There are strategic advantages as well. The nation will become far less vulnerable to foreign oil embargoes or other disruptions of energy supplies, even before it becomes nearly self-sufficient. For example: Merely reducing oil imports from today's 8.7 million barrels per day to 6 million b.p.d., the US would effectively extend the buffer of its Strategic Petroleum Reserve from 80 days to 116 days, points out David Goldwyn, a former US State Department special envoy for international energy and assistant secretary of energy, in an article for the International Herald Tribune.

There are also climate effects. America's move from coal to cleaner natural gas helped cut US carbon dioxide emissions in the first quarter of 2012 to levels not seen since 1992, Mr. Goldwyn points out. If natural gas can supplant coal internationally, especially in China, the climate benefits would be huge.

Of course, this is not the cleaner solution envisioned by environmentalists. Under their scenario, increasingly scarce oil would become more expensive, making "green" energy alternatives cost-competitive, leading to even more dramatic cuts in emissions. By contrast, the surge in oil and gas production means the US and the world will remain reliant on fossil fuels for longer than expected.

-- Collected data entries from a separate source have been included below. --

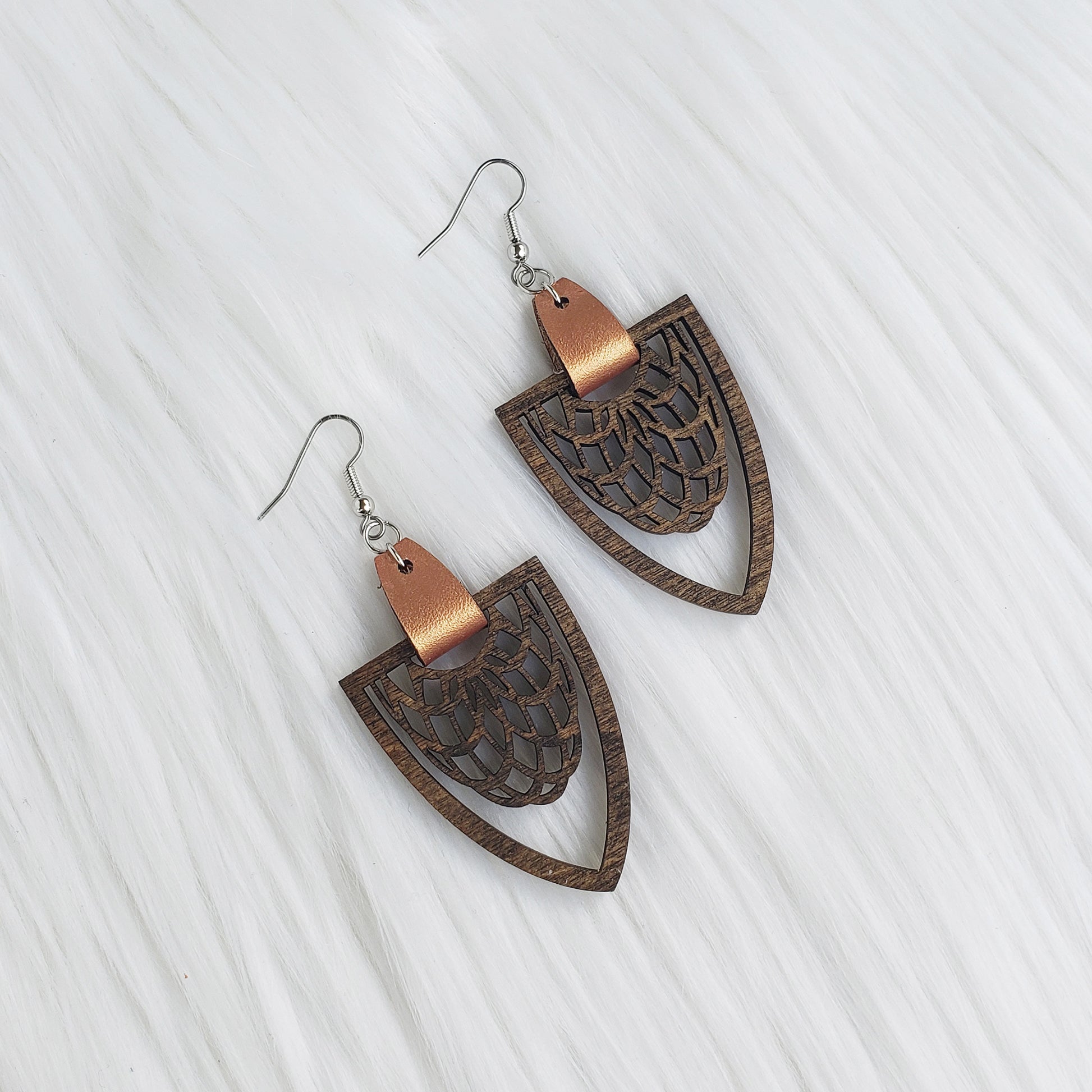 Add some flair with these lightweight wooden filigree earrings!
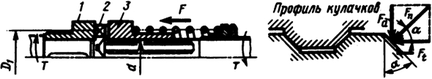 где α - угол заострения кулачка; ρ - угол трения в зацеплении кулачков (6...8°); f2 - коэффициент трения в шлицевом соединении (0,15).
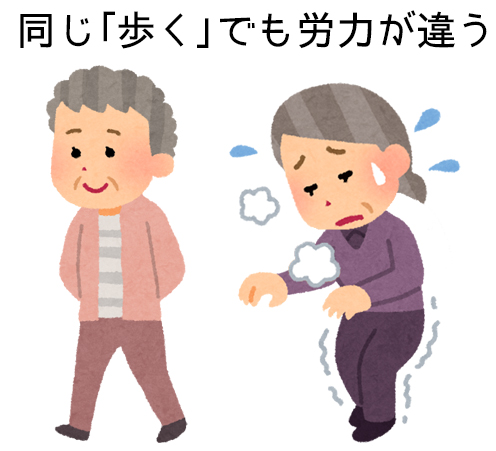 例えば、同じ「歩く」という行動に対して、杖などもなく歩ける場合もいれば、倒れないように必死に踏ん張って歩ける場合もあります。
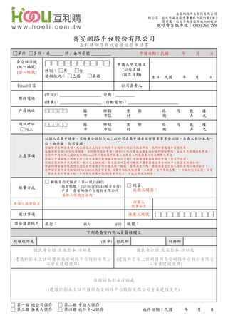 總公司:台北市南港區忠孝東路六段21號12F-7 營業處:台北市南港區玉成街89號1F 免付費客服專線:0800-299-788 喬安網路平台股份有限公司 互利購網路商城會員經營申請書 □單件 □多件,共______ 件 / 本件序號 _________ 申請日期:民國 年 月 日 身分證字號 (統一編號) □□□□□□□□□□ 申請人中文姓名 性別: □男 □女 (公司名稱 [登入帳號] 婚姻狀況: □已婚 □未婚 /設立日期) 生日:民國 年 月 日 Email信箱 公司負責人 (市話):____________________ 分機:_________ 聯絡電話 (傳真):____________________ (行動電話):________________________ 戶籍地址 □□□-□□ 縣 鄉鎮 里 鄰 路 段 號 樓 市 市區 村 衡 弄 之 通訊地址 □□□-□□ 縣 鄉鎮 里 鄰 路 段 號 樓 □同上 市 市區 村 衡 弄 之 以個人名義申請者,需附身分證影印本;以公司名義申請者須付營業事業登記證、負責人影印本各一 份,缺件者,恕不受理。 ※當簽署本申請書時,代表您已正式向喬安網路平台股份有限公司提出申請,我們將儘速通知審查結果。 ※為保障您有7日合約審閱權,若於期間退出申請,請於7日內以書面或傳真通知我們解除申請,且永久不得再提出申請。 注意事項 ※您所申請之個人通訊電話與E-mail將同意授權予推薦人或推薦人所屬推薦人作為聯繫之用途。 ※本次申請收取之所有文件(包含未來可能增補或附加之資料)不論通過審核或解除申請,皆不予退還。 ※指定匯款帳戶若為非第一銀行之金融機構,每次匯款所需跨行轉帳手續費授權由喬安網路平台自會員款項扣除。 ※互利購前後台帳號預設為上表所填身分證字號或統一編號,密碼為後六碼,請開通後自行登入修改密碼以確保安全。 ※申請營業卡者需繳交NTD$ 2,000成為營業會員, 該費用為系統服務費、工本費、資料及訊息費,一旦繳納恕不退還。該營 業會員需於申請日起一年內有效推薦四張(含)營業卡以上,方能註冊成為網商。 □ 轉帳至指定帳戶:第一銀行(007) 指定帳號:152-10-200524 (延吉分行) □ 現金 繳費方式 戶名:喬安網路平台股份有限公司 收款人親簽: 匯款人帳號後五碼: 推薦人 申請人親筆簽名 親筆簽名 備註事項 推薦人帳號 □□□□□□□□□□ 獎金匯款帳戶 銀行: 銀行 分行 帳號: 下列為喬安內部人員簽核欄位 授權收件處 (簽章) 行政部 財務部 國民身分證 正面影本 浮貼處 國民身分證 反面影本 浮貼處 (建議於影本上註明僅供喬安網路平台股份有限公 (建議於影本上註明僅供喬安網路平台股份有限公 司會員建檔使用) 司會員建檔使用) 存摺封面影本浮貼處 (建議於影本上註明僅供喬安網路平台股份有限公司會員建檔使用) □ 第一聯 總公司保存 □ 第二聯 申請人保存 □ 第三聯 推薦人保存 □ 第四聯 收件中心保存 收件日期:民國 年 月 日
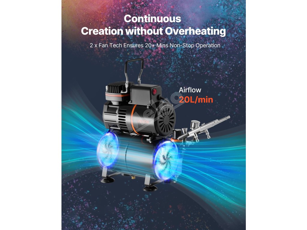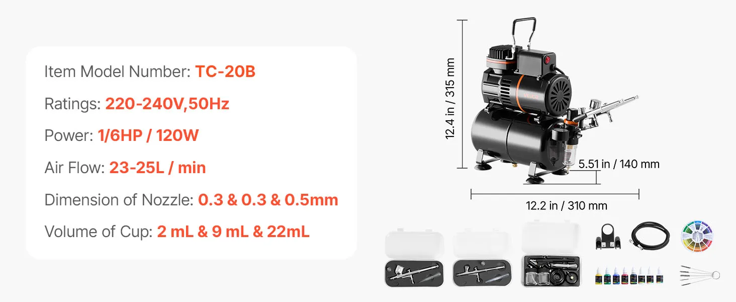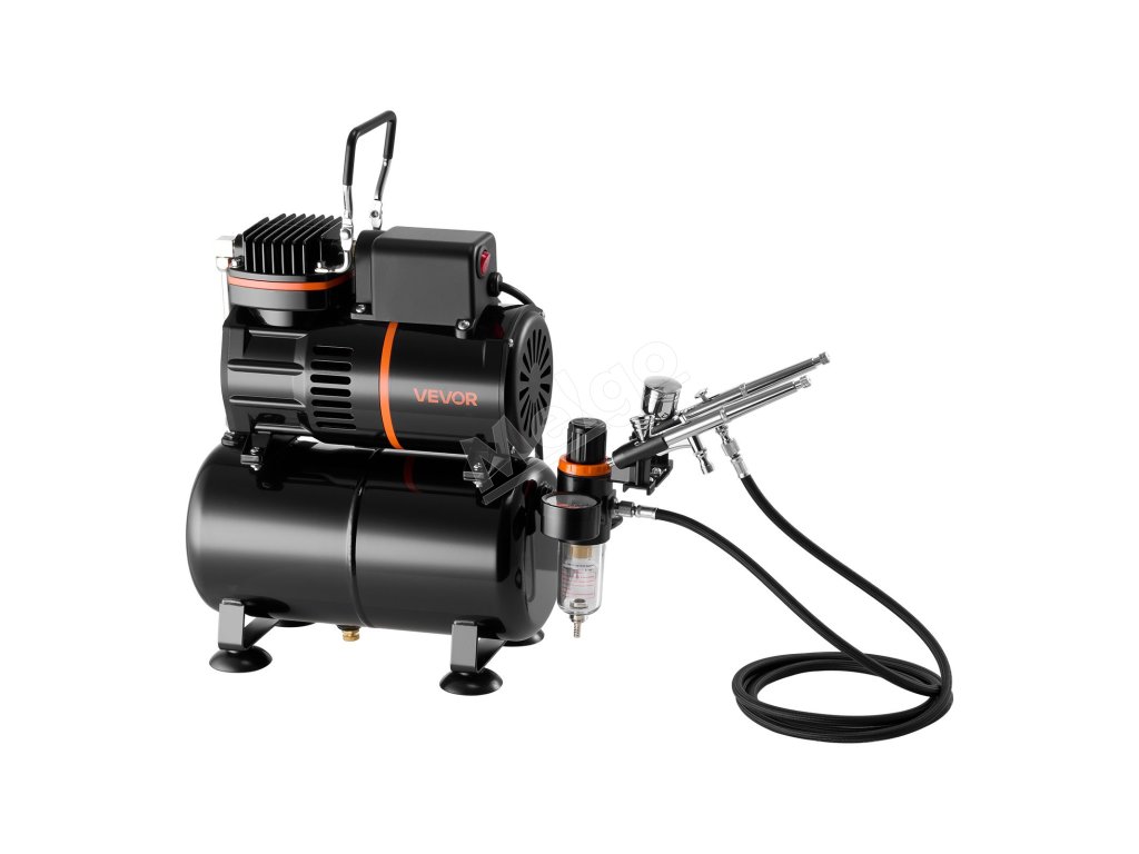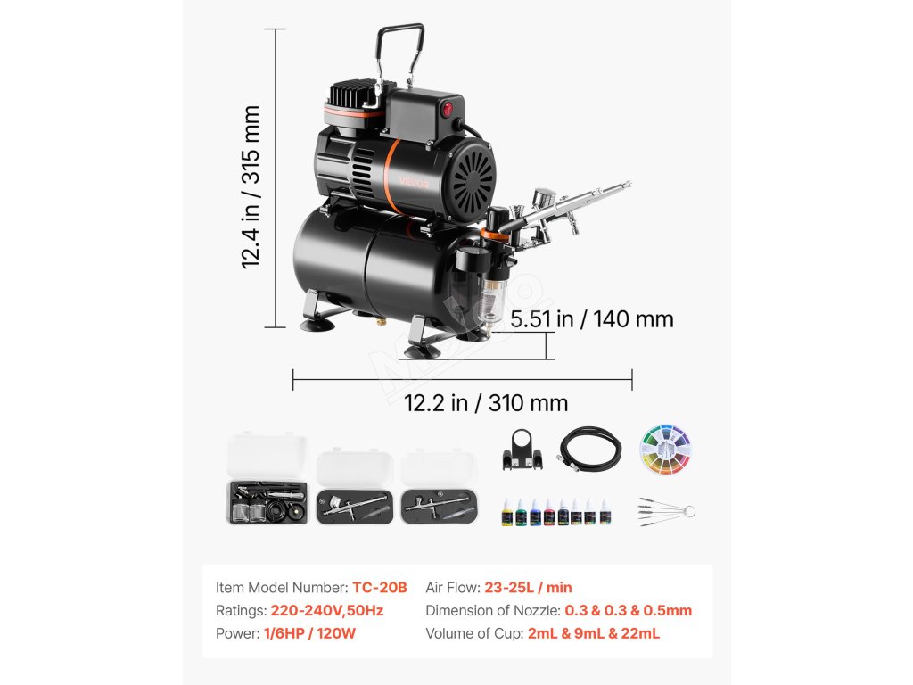 Naša súprava na airbrush obsahuje kompresor, nádržku na vzduch, 3 airbrushe, 6 akrylových farieb, riedidlo, čistič, čistiacu kefku, hadicu, držiak a kartu farebných koliesok. Nie sú potrebné žiadne ďalšie nákupy - ideálne pre začiatočníkov aj profesionálov.
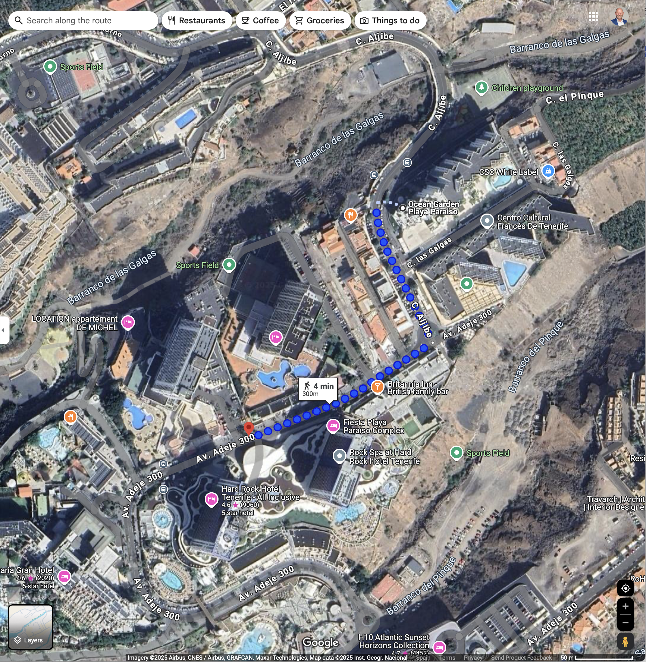 Si vous avez besoin d'un taxi à l'appartement, vous pouvez appeler Taxi Adeje Central au +34 922 979 293 ou bien, marcher 300 mètres dans la rue jusqu'à l'arrêt de taxi devant l'hôtel Hard Rock.
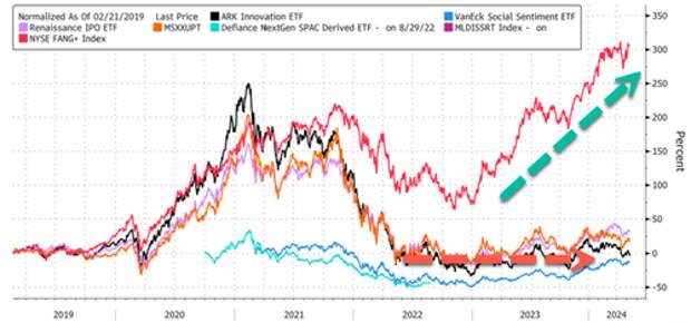After meme stocks and other profitless companies have been dormant since 2022 collapse, primarily because of tightening financial conditions surrounding Fed Powell's rate hiking cycle. The one big question we ask: Are the meme stocks back?
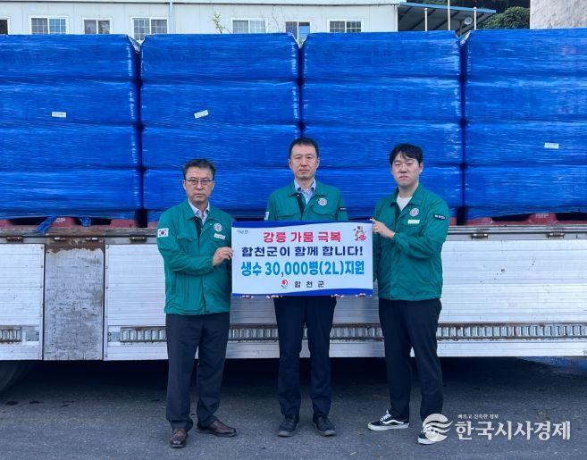 한국시사경제 윤경수 기자 | 합천군은 극심한 가뭄으로 생활용수 공급에 어려움을 겪고 있는 강원특별자치도 강릉시에 생수 2리터 3만 병을 긴급 지원한다고 16일 밝혔다.
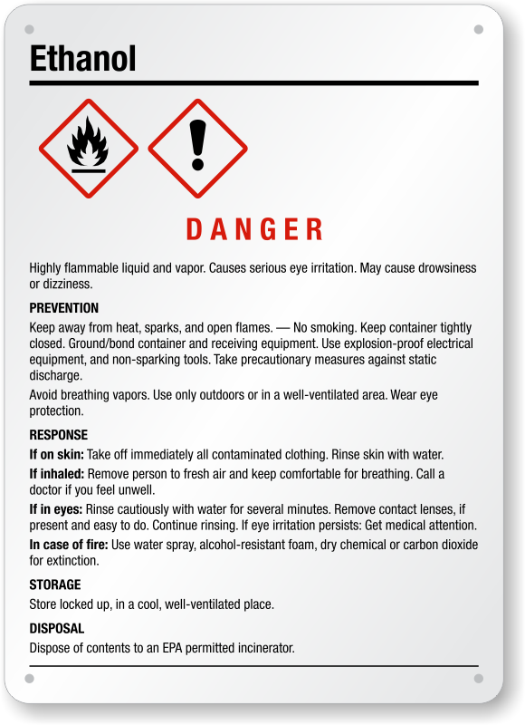 Educate your employees about the hazards associated with Ethanol. This Ethanol GHS Sign will help them take necessary precautions while handling the chemical.
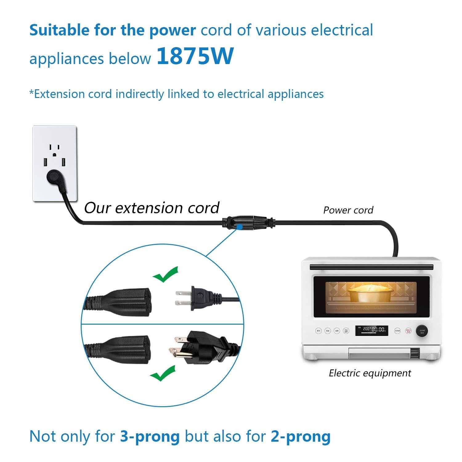 - Appliance Extension Cord: microwave, coffee pot, refrigerator, toaster, cooker, TV and so on
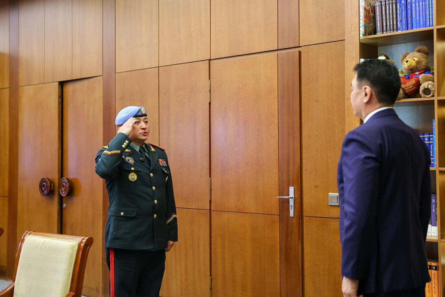Монгол Улсын Ерөнхийлөгч, Зэвсэгт хүчний Ерөнхий командлагч Ухнаагийн Хүрэлсүх Бүгд Найрамдах Кипр Улс дахь НҮБ-ын энхийг сахиулах ажиллагааны Цэргийн хүчний командлагчаар ажилласан хошууч генерал Б.Эрдэнэбатыг хүлээн авч уулзлаа.

Governments could step in and encourage that switch toward renewables. Some economists are pushing for a carbon tax in the US that would help make renewables more cost-competitive. The IEA forecasts that a concerted global effort on energy efficiency could cut the growth in global energy demand in half through 2035 and cause oil demand to peak before 2020 and then fall substantially. Global output would rise a cumulative $18 trillion, with the India, China, the US, and Europe reaping the biggest gains.

While the surge in unconventional oil and gas is expected to deliver many economic benefits, there are at least two things it won't do: 1) lower the price of oil – at least, not singlehandedly; and 2) free the US from its geopolitical commitments to other nations in the Middle East, Europe, or Asia.

"Security always trumps economics in U.S. foreign policy," Goldwyn writes. "The country's commitment to global security and its vulnerability to global oil prices will keep Washington engaged for the foreseeable future."